When you create an account we collect your email address and an authentication credential. If you subscribe to a paid plan, our payment processor, Paddle, collects your billing details on our behalf as the Merchant of Record. We do not see or store full card numbers.
A "recipe" is the set of column-mapping and transformation rules you choose to save. Recipes contain column names and rule definitions — not your row data — and are stored against your account so you can reuse them.
Like most websites, we collect limited technical information automatically, such as your IP address, browser type, and pages visited, to keep the service secure and reliable.
Under UK GDPR we rely on the following legal bases: performance of a contract (to deliver the service you signed up for); legitimate interests (to secure, improve, and support the service, balanced against your rights); consent (where you have opted in, for example to non-essential cookies); and legal obligation (where we must retain or disclose data by law).
We use a small number of trusted service providers ("processors"). They act on our instructions and are bound by contract to protect your data.
| Provider | Purpose | Data involved |
|---|---|---|
| Supabase | Account database and authentication; stores saved recipes | Email, auth credentials, recipe definitions |
| Paddle | Subscription billing and payment processing, acting as Merchant of Record (Paddle.com Market Ltd., a UK company) | Billing details, payment status, business / tax information for invoicing |
| Anthropic | AI column-matching suggestions (Pro and Team plans) | Column names only — never row data |
| Resend | Transactional email delivery (magic links, account notifications) | Email address, message metadata |
| Vercel | Web and application hosting | Technical request data, IP address |
Where a provider processes data outside the UK, we rely on appropriate safeguards such as the UK International Data Transfer Agreement or equivalent approved mechanisms.

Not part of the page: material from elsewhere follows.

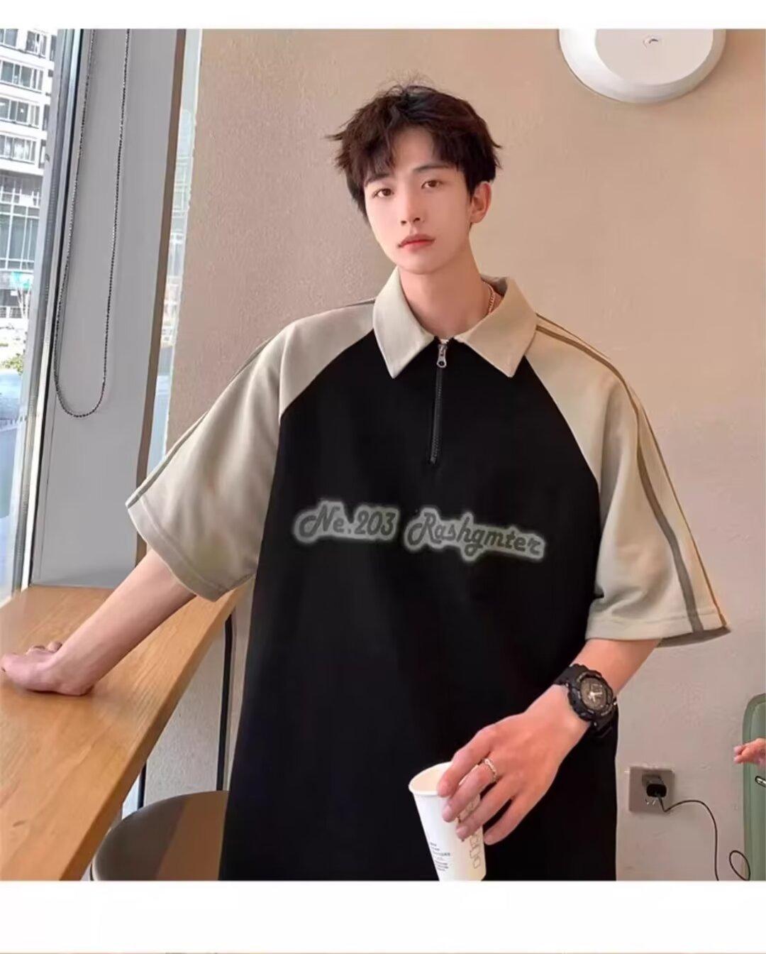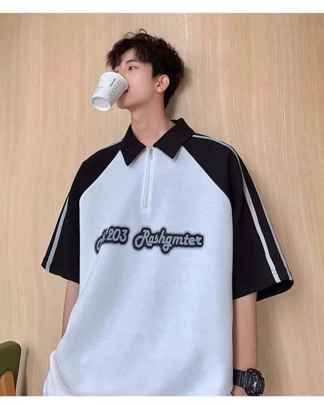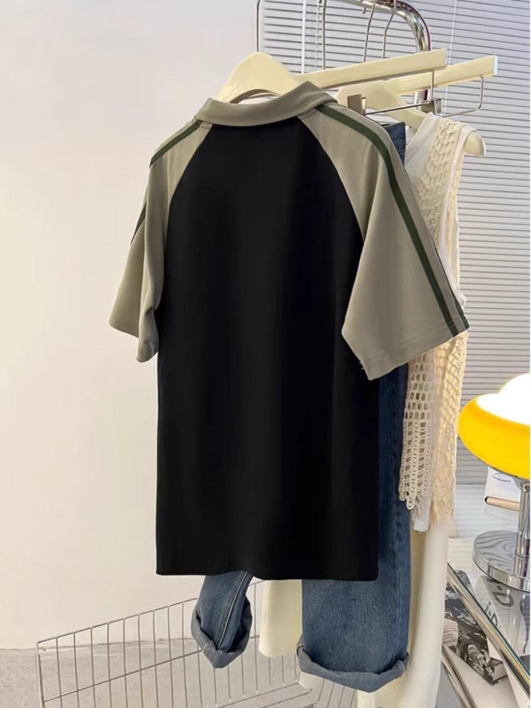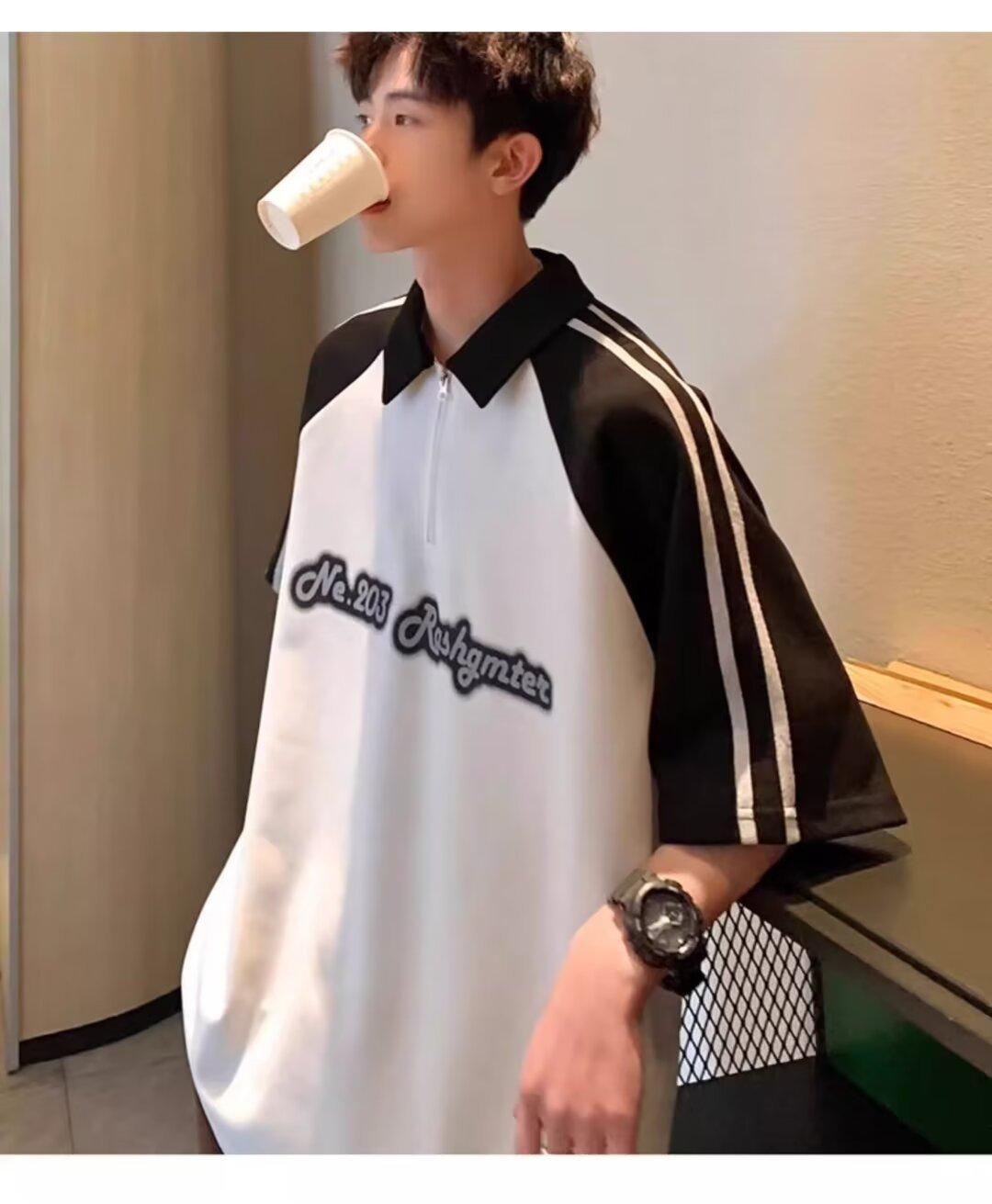 Marca de Moda de Estilo Americano Camiseta de Rayas de Manga Corta Lel para Hombre Verano 2024 Color en Contraste Media Cremallera Suelta Moderna Camisa Polo

Mappd uses only the cookies and local storage necessary to keep you signed in and to operate core features. We do not use advertising cookies or sell data to advertisers. If we introduce non-essential analytics in future, we will ask for your consent first.
We keep your account data and saved recipes for as long as your account is active. If you delete your account, we delete the associated personal data within 30 days, except where we are required to retain certain records (for example, billing records for tax purposes). Uploaded file contents are never retained because they are never sent to us.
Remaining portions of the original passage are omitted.